All machine learning related operations have been externalized to this service,
immich-machine-learning. Python is a natural choice for AI and machine learning. It also has some pretty specific hardware requirements. Running it as a separate container makes it possible to run the container on a separate machine, or easily disable it entirely.
Each request to the machine learning service contains the relevant metadata for the model task, model name, and so on. These settings are stored in Postgres along with other system configs. For each request, the microservices container fetches these settings in order to attach them to the request.
Internally, the machine learning service downloads, loads and configures the specified model for a given request before processing the text or image payload with it. Models that have been loaded are cached and reused across requests. A thread pool is used to process each request in a different thread so as not to block the async event loop.
All models are in ONNX format. This format has wide industry support, meaning that most other model formats can be exported to it and many hardware APIs support it. It's also quite fast.

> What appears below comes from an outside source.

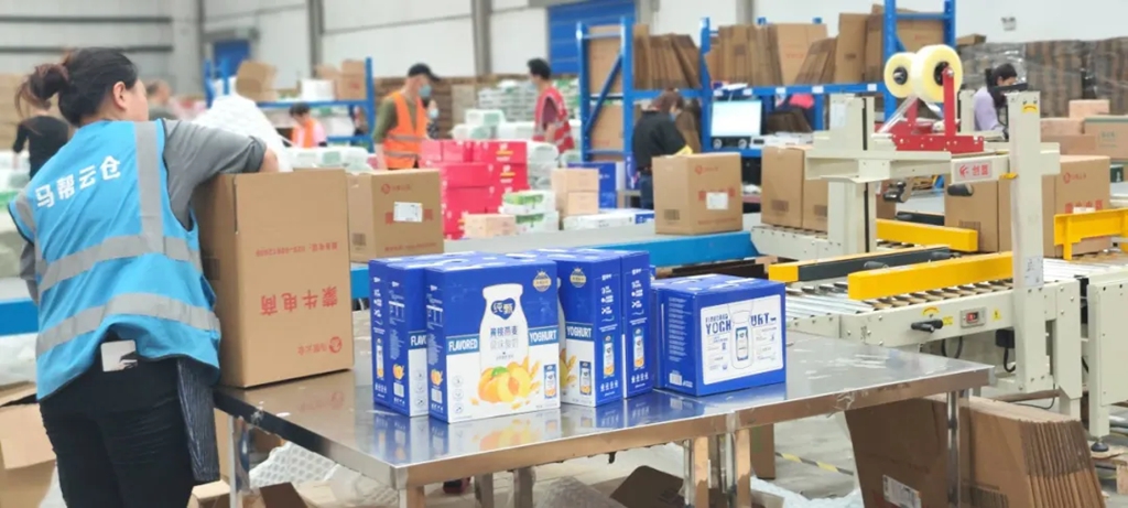 马帮云仓仓库内,工作人员正在分拣、打包商品。(天府新区党群工作部 供图)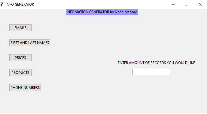An generator built to provide test data. Currently supported data are (Email , products with prices, phone Numbers , prices and first and last names)

Machine learning models are also quite large, requiring quite a bit of memory. We are always looking for ways to improve and optimize this aspect of this container specifically.
Immich persists data in Postgres, which includes information about access and authorization, users, albums, asset, sharing settings, etc.
See Database Migrations for more information about how to modify the database to create an index, modify a table, add a new column, etc.
Immich synchronizes some of the Postgres data into Typesense, so it can execute vector related queries in order to implement certain features including, facial recognition and CLIP search.